Problem to solve:
Search the records below for the string "Turkey", and report each line that contains it.

Recorded data:

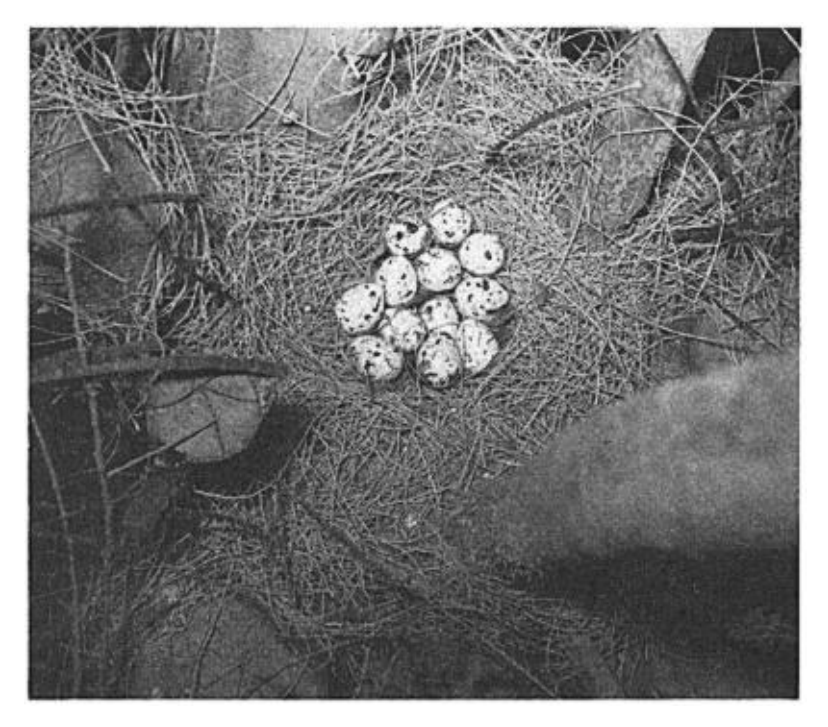
Fig. 32. Quail nest in tree shown in figure 31.

Another nest in the Glynn Stannard grove was seen by the writer; this one was in a grapefruit tree between eight and nine feet from the ground in an abandoned thrasher's nest; 14 eggs had hatched safely. Another nest was built in vines over a porch but apparently was deserted, and since the vines were thick no inspection was made.
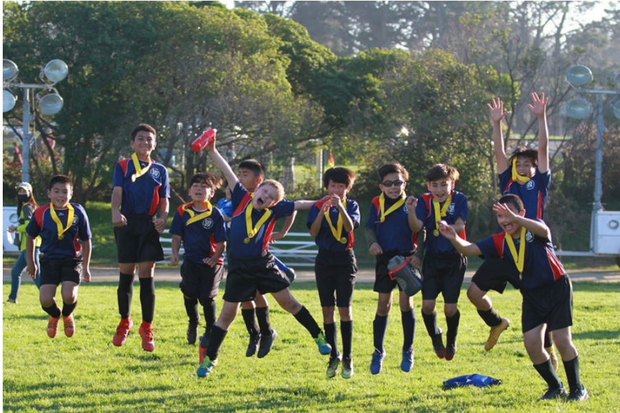
Brisbane AYSO 12U boys' team at the 30th Annual Turkey Tournament in San Bruno

Brisbane AYSO youth soccer wrapped up an exciting fall 2021 season with a record number of players enrolled. A total of 184 players (that's 21 teams!) were on the field this fall, building their soccer skills and having fun with their teammates. Five of Brisbane's 10U and 12U teams advanced to the area playoffs, where they faced off against teams from San Bruno, Millbrae, Pacifica, and Daly City.
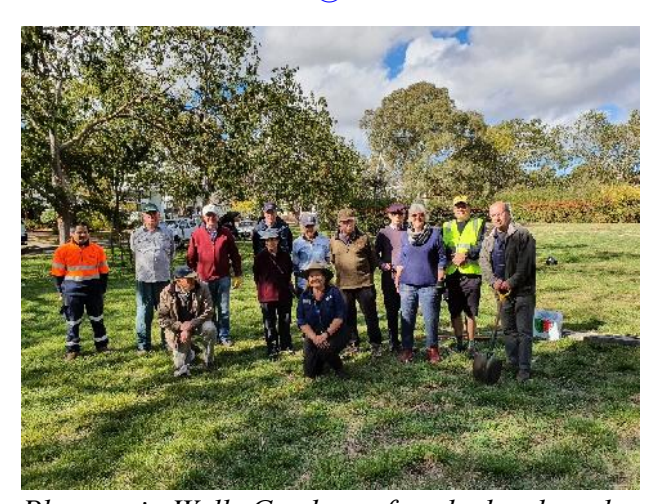
Planters at Blaxland Park after planting 29 trees.
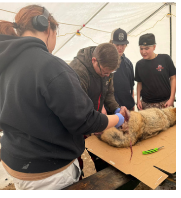
Bill Woodward School students in Anzac took part in a land camp, where they were introduced to trapping and traditional hide preparation. They had a hands-on experience skinning a coyote, scraping the hide, and preparing it for stretching gaining insight into skills used in the fur trade.
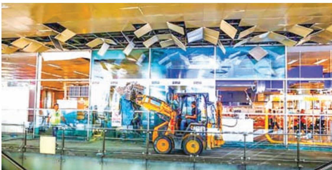
Workers clear debris from yesterday's blasts at Turkey's largest airport, Istanbul Ataturk, Turkey, on 29 June 2016.

The attack bore similarities to a suicide bombing by Islamic State militants at Brussels airport in March that killed 16 people. A coordinated attack also targeted
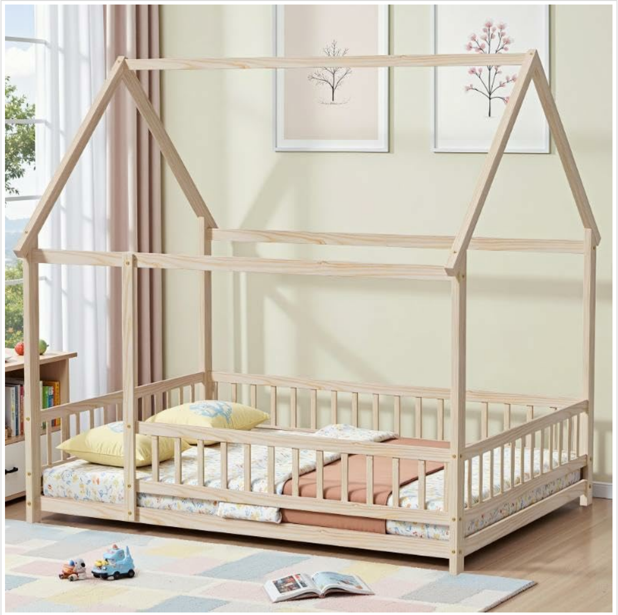
LLS Full Size House Bed with Fence in a natural wood finish.
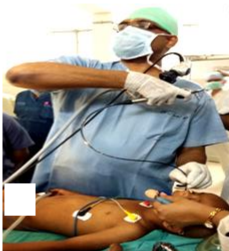
Fig. 3 Nasotracheal intubation using a flexible urethroscope.
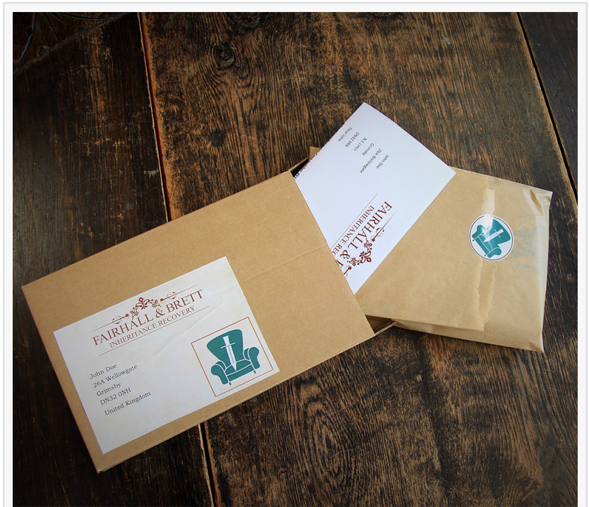
Arriving through the mail...

“Murder mysteries started out as mini-series in newspapers and magazines” said Jo. “I see cosykiller as the new generation of periodical plots. It feels like we’ve gone full circle and back to the roots of crime writing.”
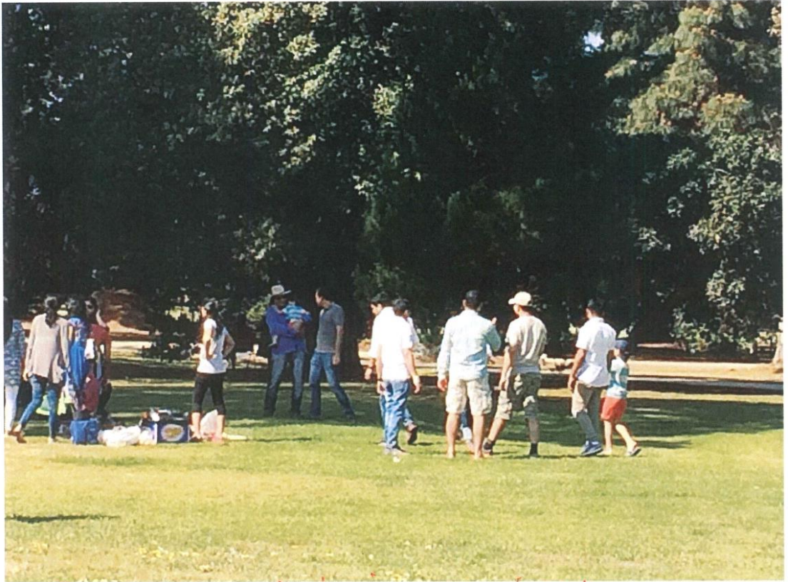
Indo. Australians relaxing to a park w/ Melbourne
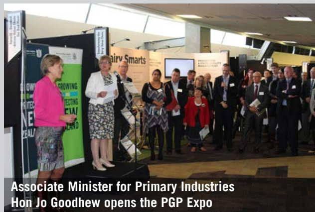
Associate Minister for Primary Industries Hon Jo Goodhew opens the PGP Expo

Output of the task:
Brisbane AYSO 12U boys' team at the 30th Annual Turkey Tournament in San Bruno
Workers clear debris from yesterday's blasts at Turkey's largest airport, Istanbul Ataturk, Turkey, on 29 June 2016.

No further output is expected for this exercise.